Records contained in a dataset:
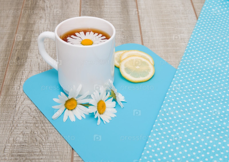 Белая чашка с ромашковым чаем на синей разделочной доске с цветами ромашки, нарезанным лимоном и тканью в горошек на сером деревянном столе
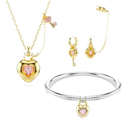 Swarovski Heart & Key Collection | Pink Crystal Heart Lock Necklace, Earrings & Bracelet Jewelry Set
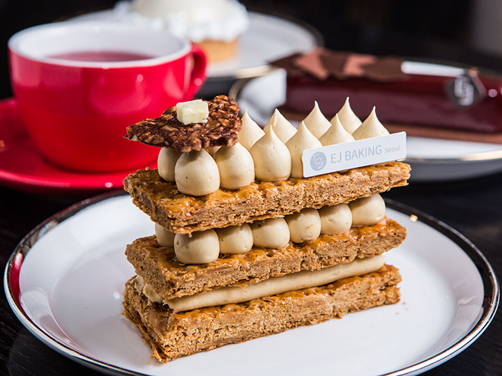 在江南站旁边的“EJ BAKING 工作室”是个由在英国和巴黎学习过甜点制作工艺的女甜点师李恩廷(音译)主理的现代式特色甜品咖啡店。
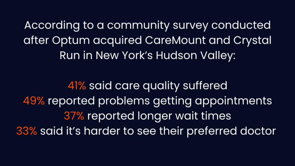 Patients felt the shift. In New York’s Hudson Valley, after Optum acquired CareMount and Crystal Run, Congressman Pat Ryan surveyed constituents and found:
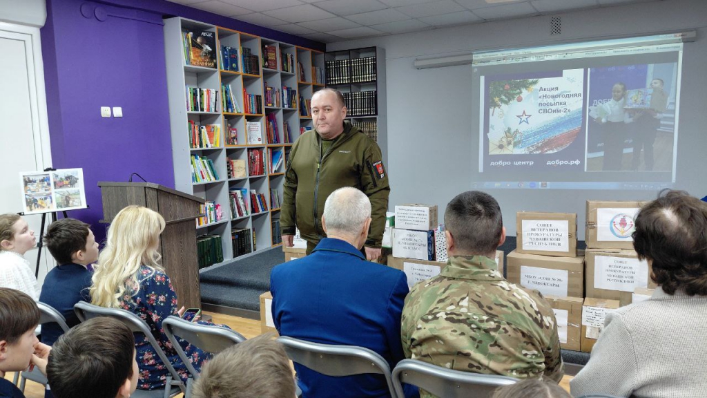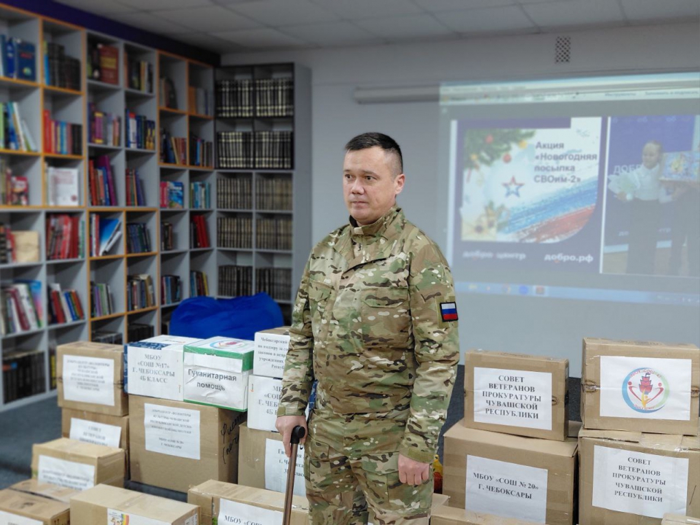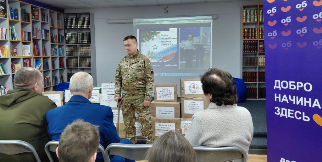 Ровно год назад, в преддверии Нового года, Добро.Центр «Волонтеры культуры» Чувашской республиканской детско-юношеской библиотеки, только начавший свою деятельность, совместно с Советом ветеранов прокуратуры Чувашской Республики, организовал трогательную акцию «Новогодняя посылка СВОим». Ее целью был сбор гуманитарной помощи для бойцов, участвующих в специальной военной операции. Эта инициатива была широко поддержана.
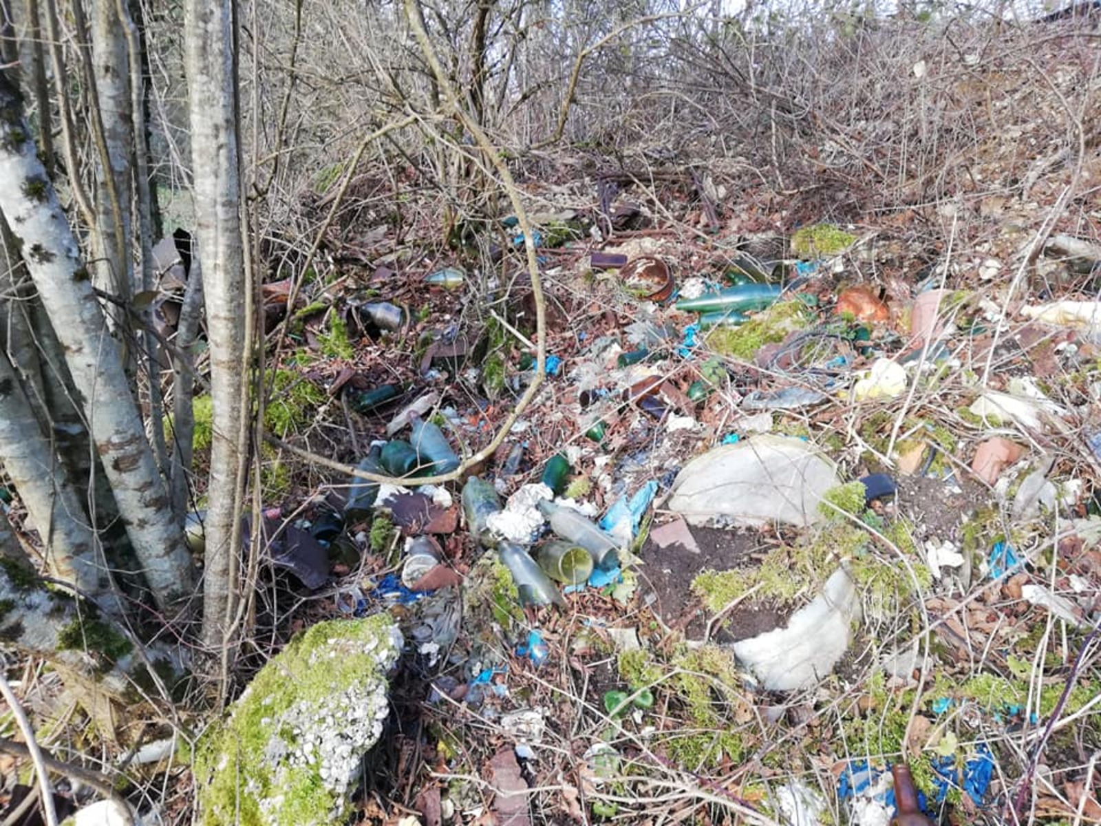 enfouie sous la végétation une ancienne décharge est réapparue en bord de route suite à l'élagage et au défrichage du site,
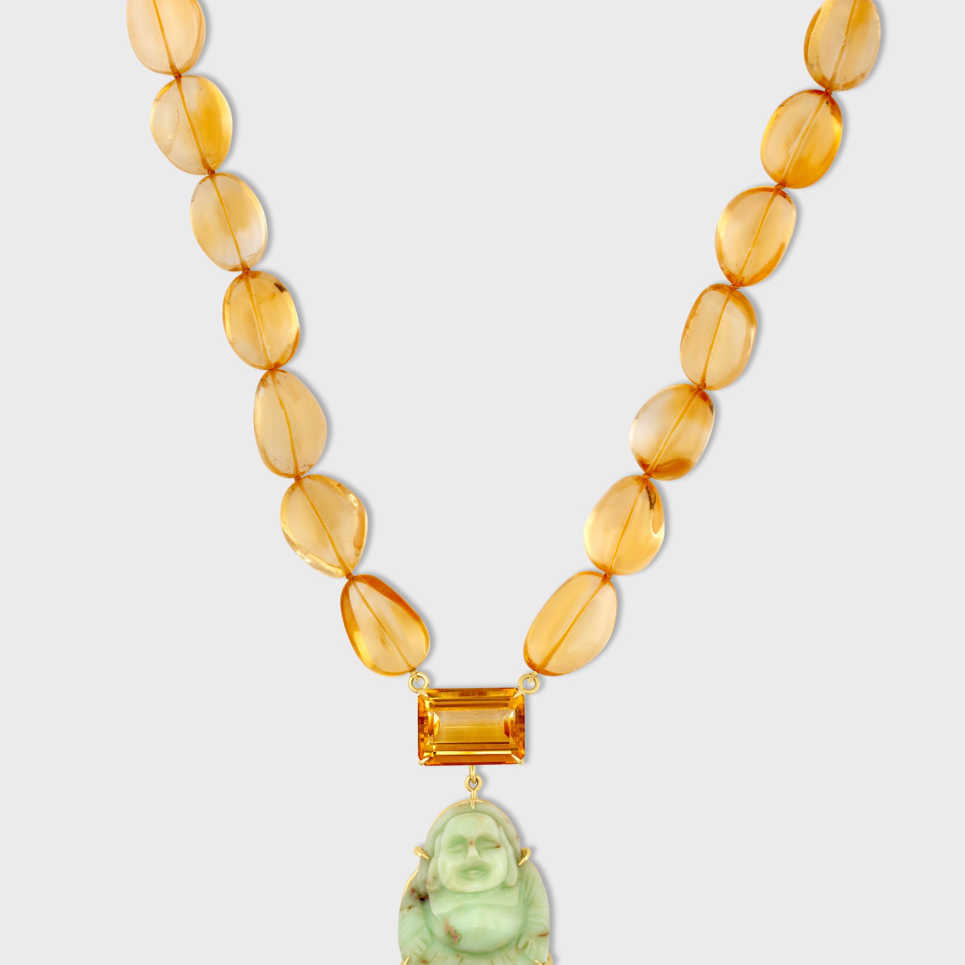 Happy Buddha Chrysoprase Jumbo Citrine Necklace
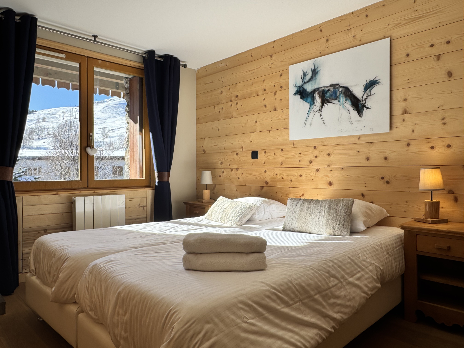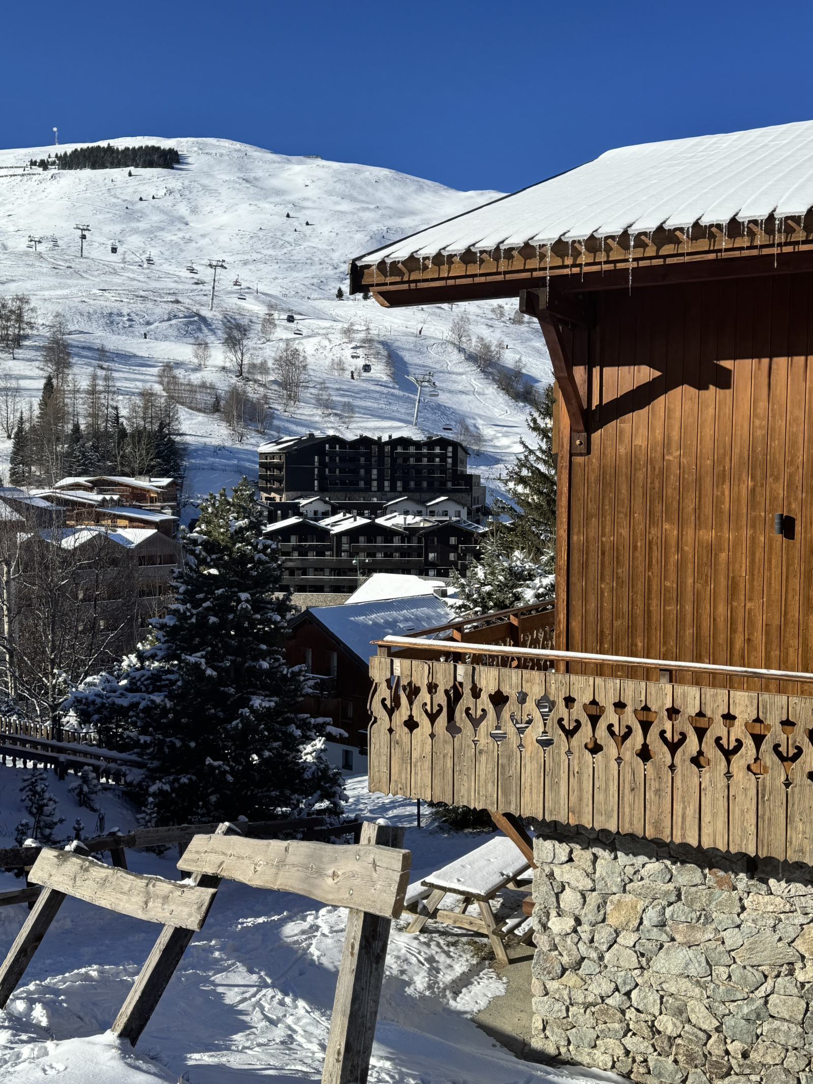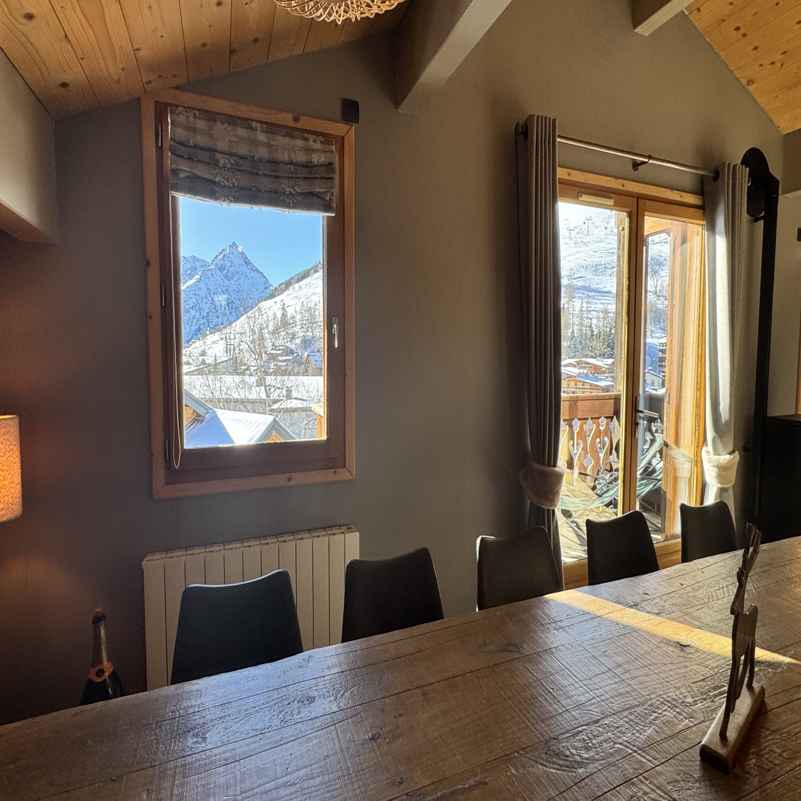 La pièce maîtresse ? Une somptueuse pièce de vie de 50 m², baignée de lumière grâce à une orientation plein sud. Vous y trouverez un poêle à granulés chaleureux, une belle hauteur sous plafond et un accès direct à un balcon offrant une vue panoramique sur la station et le glacier de la Muzelle.
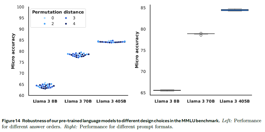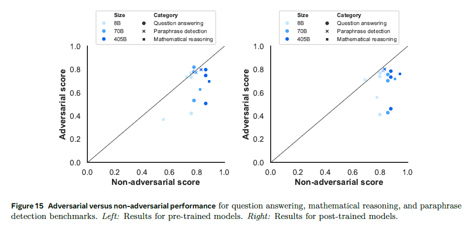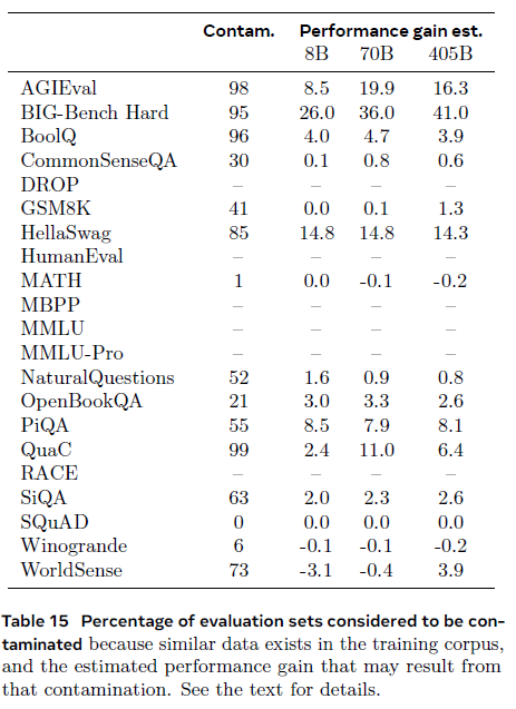 OpenAI (2023a)를 따라, 우리는 GSM8k (Cobbe et al., 2021) 및 MATH (Hendrycks et al., 2021b) 훈련 세트에서 어닐링의 효과를 평가합니다. 어닐링은 사전 훈련된 Llama 3 8B 모델의 GSM8k 및 MATH 검증 세트에서 성능을 각각 24.0% 및 6.4% 향상시켰습니다. 그러나 405B 모델에서는 향상이 미미하여 우리의 주력 모델이 강력한 인컨텍스트 학습 및 추론 능력을 가지고 있으며, 특정 도메인의 훈련 샘플 없이도 우수한 성능을 발휘할 수 있음을 시사합니다.
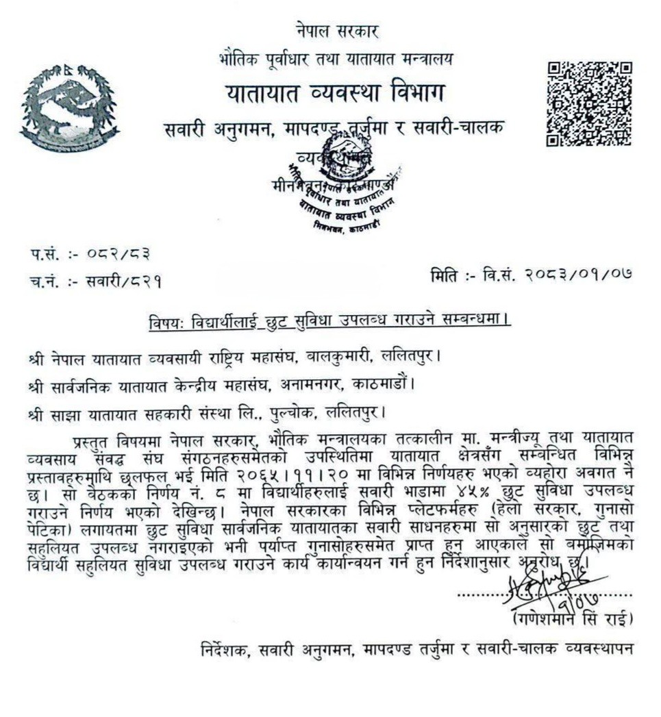 सरकारले सार्वजनिक सवारीसाधनमा विद्यार्थीलाई दिइँदै आएको ४५ प्रतिशत भाडा छुट अनिवार्य रूपमा लागू गर्न निर्देशन दिएको छ ।
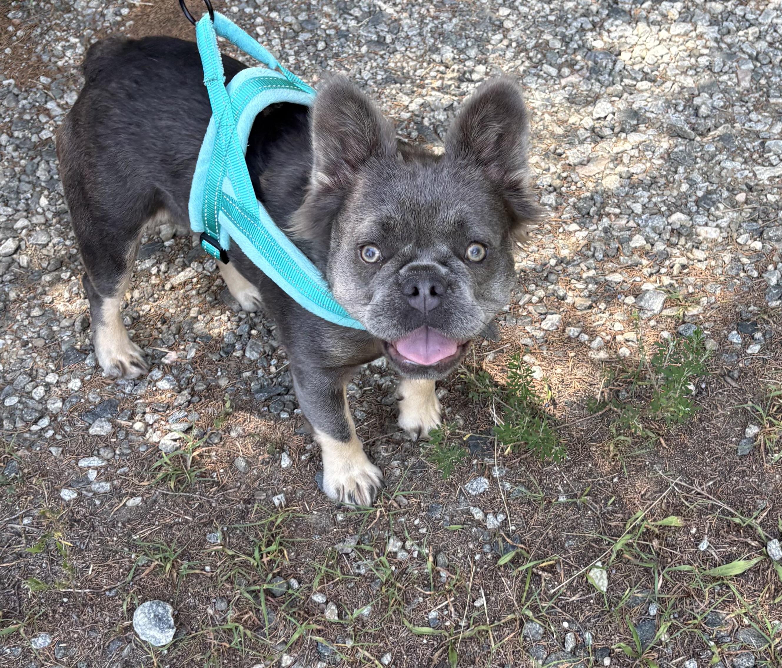 Lu is a female French Bulldog. Carefully selected as a great representative of her breed, Dovie decided to make her part of their program. Dovie has passed Good Dog’s screening process, which involved a review of their breeding practices, environment, and the mental and physical health of their dogs.

» WORK INSTRUCTIONS
With all pictures omitted, return exactly the lines from the one containing "enfouie sous la" through the end of the entries above.

» EXERCISE RESULT
 enfouie sous la végétation une ancienne décharge est réapparue en bord de route suite à l'élagage et au défrichage du site,
 Happy Buddha Chrysoprase Jumbo Citrine Necklace
 La pièce maîtresse ? Une somptueuse pièce de vie de 50 m², baignée de lumière grâce à une orientation plein sud. Vous y trouverez un poêle à granulés chaleureux, une belle hauteur sous plafond et un accès direct à un balcon offrant une vue panoramique sur la station et le glacier de la Muzelle.
 OpenAI (2023a)를 따라, 우리는 GSM8k (Cobbe et al., 2021) 및 MATH (Hendrycks et al., 2021b) 훈련 세트에서 어닐링의 효과를 평가합니다. 어닐링은 사전 훈련된 Llama 3 8B 모델의 GSM8k 및 MATH 검증 세트에서 성능을 각각 24.0% 및 6.4% 향상시켰습니다. 그러나 405B 모델에서는 향상이 미미하여 우리의 주력 모델이 강력한 인컨텍스트 학습 및 추론 능력을 가지고 있으며, 특정 도메인의 훈련 샘플 없이도 우수한 성능을 발휘할 수 있음을 시사합니다.
 सरकारले सार्वजनिक सवारीसाधनमा विद्यार्थीलाई दिइँदै आएको ४५ प्रतिशत भाडा छुट अनिवार्य रूपमा लागू गर्न निर्देशन दिएको छ ।
 Lu is a female French Bulldog. Carefully selected as a great representative of her breed, Dovie decided to make her part of their program. Dovie has passed Good Dog’s screening process, which involved a review of their breeding practices, environment, and the mental and physical health of their dogs.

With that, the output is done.